[Xml-bin] Some central design issues

Al Snell alaric@alaric-snell.com
Thu, 12 Apr 2001 10:24:24 +0100 (BST)


On Thu, 12 Apr 2001, Peter Jacobi wrote:

> For example binary content can seen as an alternate external 
> representation of base64binary. When accessing with standard DOM 
> functions, it will be seen base64 encoded.

Yes, I was planning on making all the extensions low-profile, like
that.  Anything that can't be easily done like that can be mapped to
something like:

<xmlbin:binary>...base64...</xmlbin:binary>

This would be needed to be able to round trip binXML through
textXML... otherwise the binary bits would come out as base64 strings
after going through XML :-(

It depends on whether we have access to a schema. If there is a schema,
then that's the way to specify that an element is base64 binary or a 
float rather than a string.

If there is not a schema, we need to embed that information.

There are maybe several possible translations:

1) Unschemaed tXML into bXML - all CDATA stored as strings unless they
have binxml:type attributes specifying that they are to be read as floats
or binary in base64, etc.

2) bXML into XML, sans schema - all doubles, binaries, etc. stored as
CDATAs with appropriate textual representations; binxml:type attributes
added to all elements with CDATA, specifying its type. If there are
multiple values in an element we give it binxml:type "compound" and then
list <binxml:value type="..."> elements inside it.

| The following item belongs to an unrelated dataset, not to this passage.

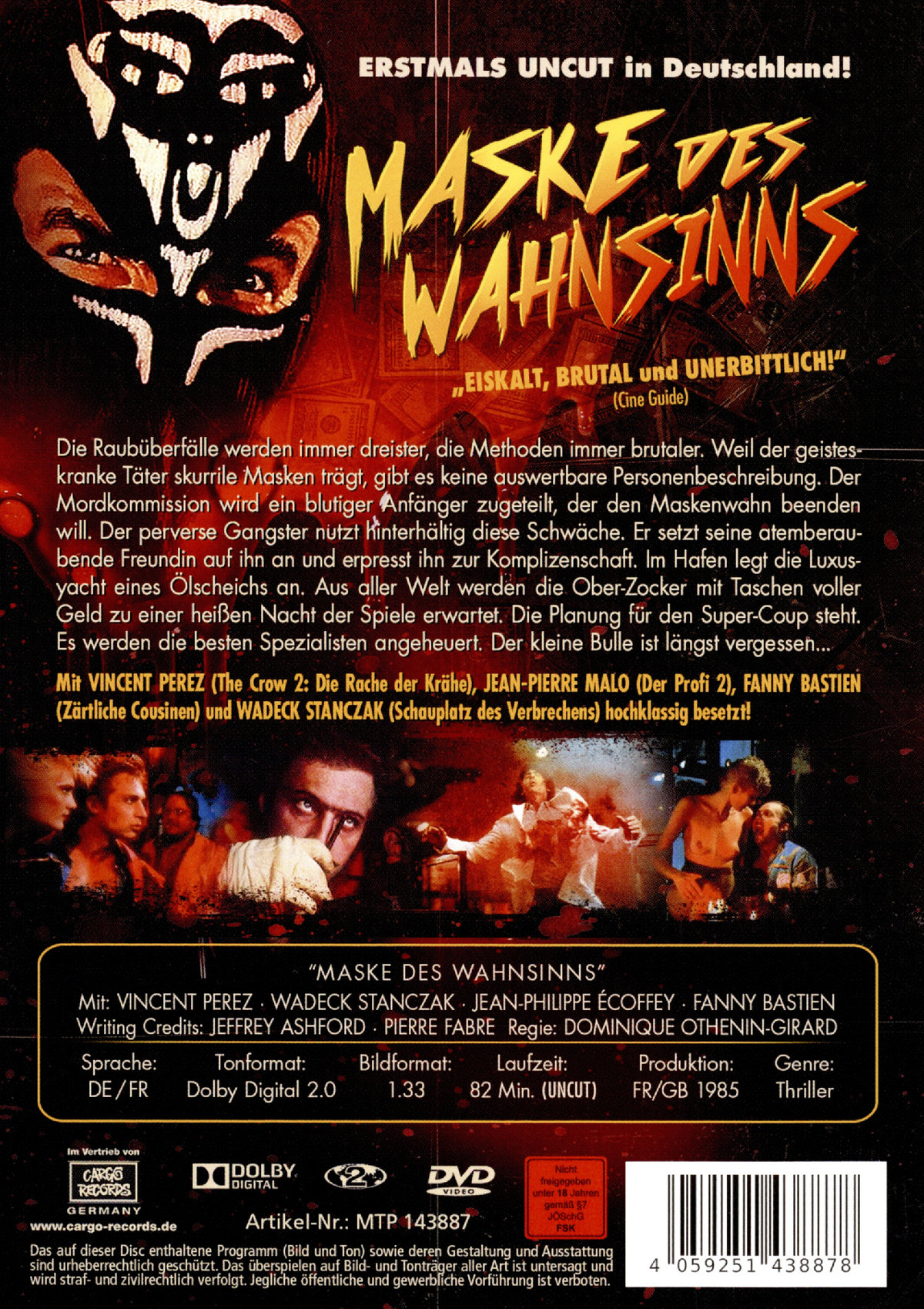 Die Raubüberfälle werden immer dreister, die Methoden immer brutaler. Weil der Täter skurrile Masken trägt, gibt es keine auswertbare Personenbeschreibung. Der Mordkommission wird ein blutiger Anfänger zugeteilt. Der Gangster nutzt hinterhältig diese Schwäche. Er setzt seine atemberaubende Freundin auf ihn an und erpresst ihn zur Komplizenschaft.
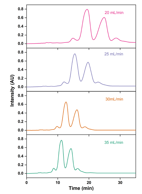 ▲ 图7. 不同流速下 RP-MPLC 的 ω-3 脂肪酸乙酯色谱图

3) Schemad tXML into bXML and vice versa - CDATA handled with knowledge of
its intended type from the schema

> 3. Seekability
> 
> This would be key benefit of a binary external representation. We should 
> look how its done in MPEG7.

Mmmm. Seekability, if implemented naively, can hamper streaming - what did
you think of my proposal for combining the two by having a streamed
SAX-event representation followed by an optional index?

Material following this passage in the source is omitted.